1. We have added a Gift Upgrades feature that allows you to gift an account upgrade to another member, just in time for the holiday season. You can see the gift option when going to the Account Upgrades screen, or on any user profile screen.
    Dismiss Notice

HOW TO: Isolate Crashes

Discussion in 'Civ4 - Modding Tutorials & Reference' started by Kael, Jun 21, 2006.

  1. Kael

    Kael Deity

    Joined:
    May 6, 2002
    Messages:
    17,401
    Location:
    Ohio
    [tab]Okay, you have finally done it. After many long hours you have the mod you always wanted to make. But then you, or someone else, try to play and it crashes. What do you do?

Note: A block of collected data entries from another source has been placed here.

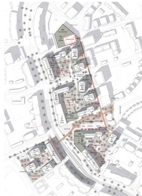
yleissuunnitelma / general plan 1:4000

tekijät / authors: ESSI NISONEN, JOONA LUKKA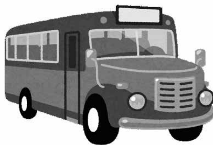
3年度も筑后市周遊観光バスツアー助成事業の継続を

本市でも行えないか。 商工観光課長 うきは市では、市内の宿泊施設利用者（宿泊・日帰り）に2500円〜5千円の助成を行っていると思う。本市でも、より効果的な観光事業者への支援方法や時期等を検討したい。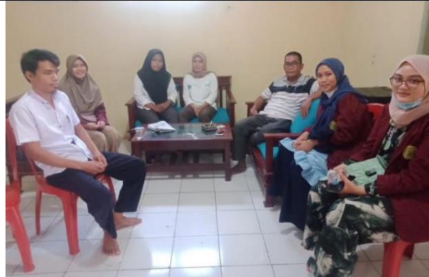
Gambar 2. Kegiatan observasi dan wawancara dengan kepala desa setempat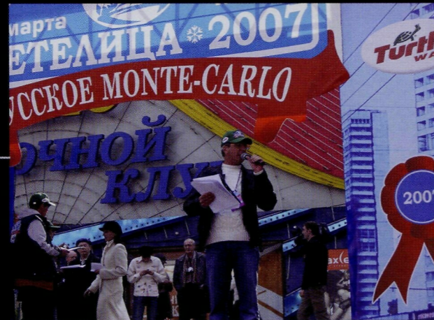
Объявляет участников популярный ведущий Алексей Лысенков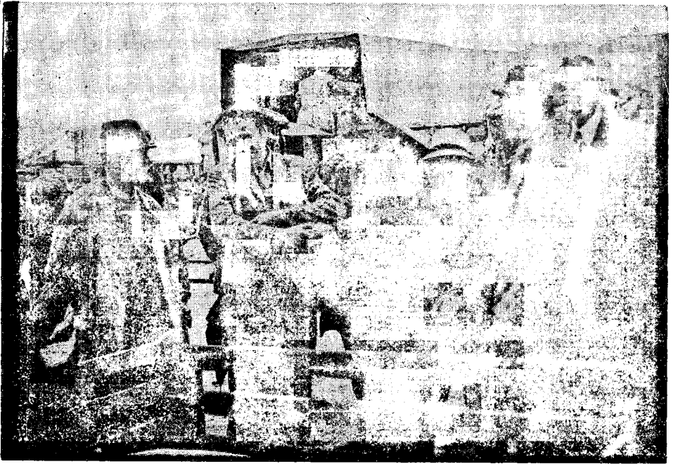
Pogađanje »po junački« na stočnom sajmu u Jastrebarskom.

    Isolation and Resolution

    [tab]There are two steps to fixing problems, isolating to find out what piece of code is causing the problem and changing that code to resolve the issue. This article will only deal with isolation. Resolution is going to be specific to your code so I can’t offer general advice. The hardest part of fixing problems is isolating the issue, typically if you can do that resolution is easy.


    The Changelog

    [tab]Before we start talking through the steps it is important that you keep a changelog of the changes you are making between versions. Players will often give you a good indication of what was going on during the crash and if you have a good changelog you will be able to drill into the issue right away.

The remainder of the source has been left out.